How much radiant energy do clouds trap within Earth's atmosphere versus how much do they reflect back out into space? Do aerosols affect the net radiative effects of clouds? Because there are so many different types of clouds, and because they form, move, change, and dissipate so rapidly over time and space, these are difficult questions to answer. Due to NASA satellite technology, cloud research has made great strides over the last several decades. Satellites have revealed that as environmental conditions change, so too do clouds and their roles within the climate system. Yet, without quantitative understanding of cloud physics, climate models cannot predict how cloud changes will affect Earth's total energy budget, and therefore cannot realistically predict future climate change. Here, we showcase a study of aerosol and cloud interactions over the Brazilian rainforest.
A team of physical scientists, led by Yoram Kaufman and Lorraine Remer, have been studying how aerosols influence clouds, which in turn would influence climate. When pollution aerosols mingle with certain kinds of clouds, the clouds' properties are changed. They become whiter, more reflective, and longer lasting, which in turn enhances their ability to shade and cool the surface below them. Dubbed the "indirect effect of aerosols," Kaufman and Remer attempted find out just how much brightening and prolonged lifetimes would enhanced clouds' ability to reflect sunlight back to space. The ideal tool for studying both aerosol and clouds effects is one with a wide spectral range, fine spatial resolution and cover large parts of the globe at least daily. The Moderate Resolution Imaging Spectroradiometer (MODIS) aboard NASA's Terra and Aqua satellites proved to be the best choice.

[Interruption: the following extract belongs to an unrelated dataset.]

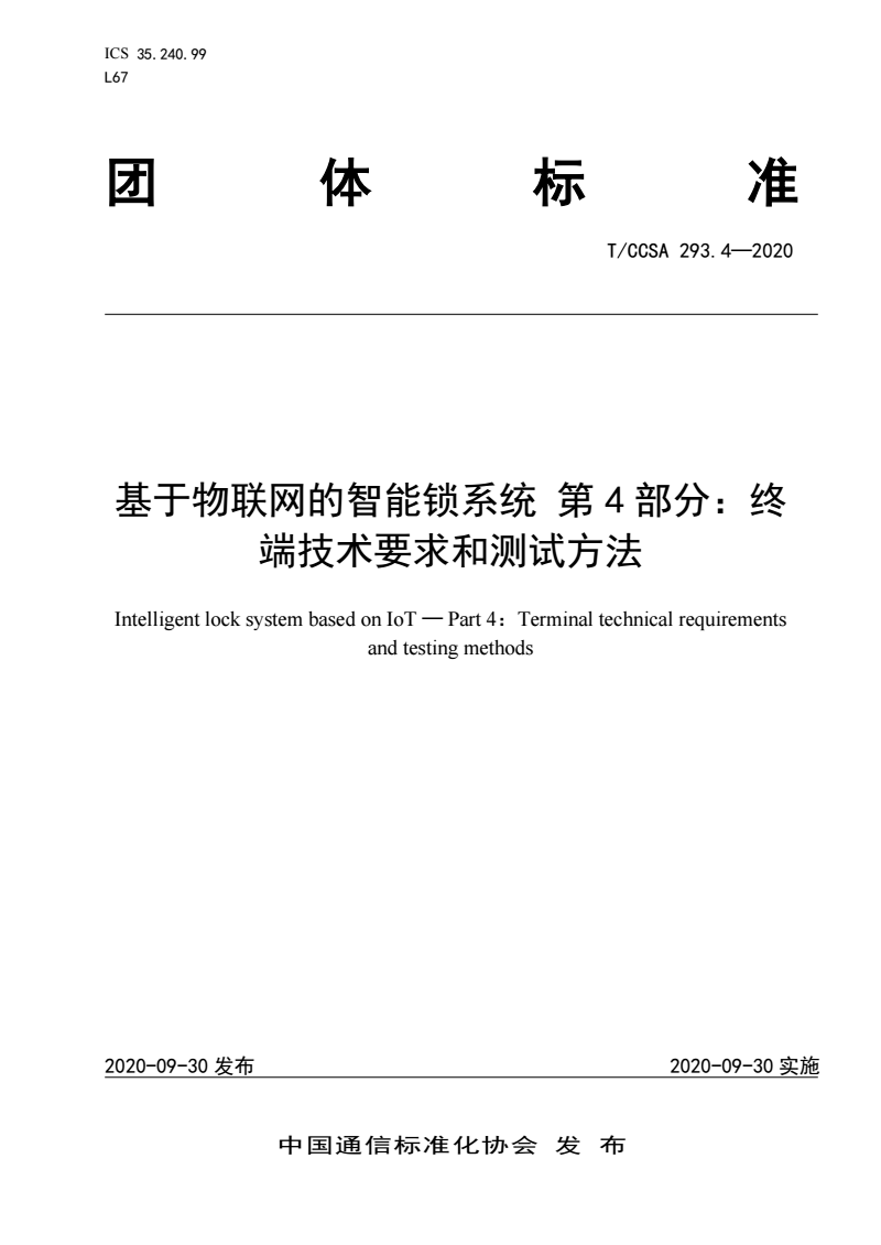 T/CCSA 293.4-2020 基于物联网的智能锁系统 第4部分:终端技术要求和测试方法

Examples were needed that could showcase the indirect effect. Clouds inside and outside of the pollution plume must be roughly at the same altitude, and be created via the same meteorological processes. Ilan Koren, a research scientist, found the perfect clouds over the Amazon basin - a smoke plume embedded within a layer of low-level cumulus clouds.
Click on image to see animation
Satellite images of the Amazon rainforest rarely show smoke and cumulus clouds
together. Smoke, mainly from agricultural fires, displaces the cumulus clouds that normally form
above the forest each afternoon. A uniform layer of scattered cumulus clouds is typically present,
along with some thunderstorms, over the Amazon rainforest. Click on this image of a day with little
smoke, to see the effect heavy smoke makes on cloud formation. (NASA images by Jesse Allen and Robert Simmon)
The Amazon Basin is an ideal location. Over the rainforest, widely scattered cumulus clouds develop at the top of the boundary layer nearly every day. Usually forming between one and three kilometers, thesecumulus clouds are all about the same size, and are uniformly distributed with spacing in between. By afternoon, , they cover most of the Amazon jungle during the dry season (April through October). Moreover, during the dry season, there are typically hundreds of intense fires burning across the region, producing thick plumes of smoke that may travel for hundreds of kilometers.
Interestingly, Koren found a clear relationship between the clouds and the smoke. Areas of smoke coincided with reduced cloudiness; where the smoke was heaviest, the cloud cover fraction dropped from about 40% to near zero. He wondered why the smoke and clouds didn't exist together. Did the smoke kill the clouds?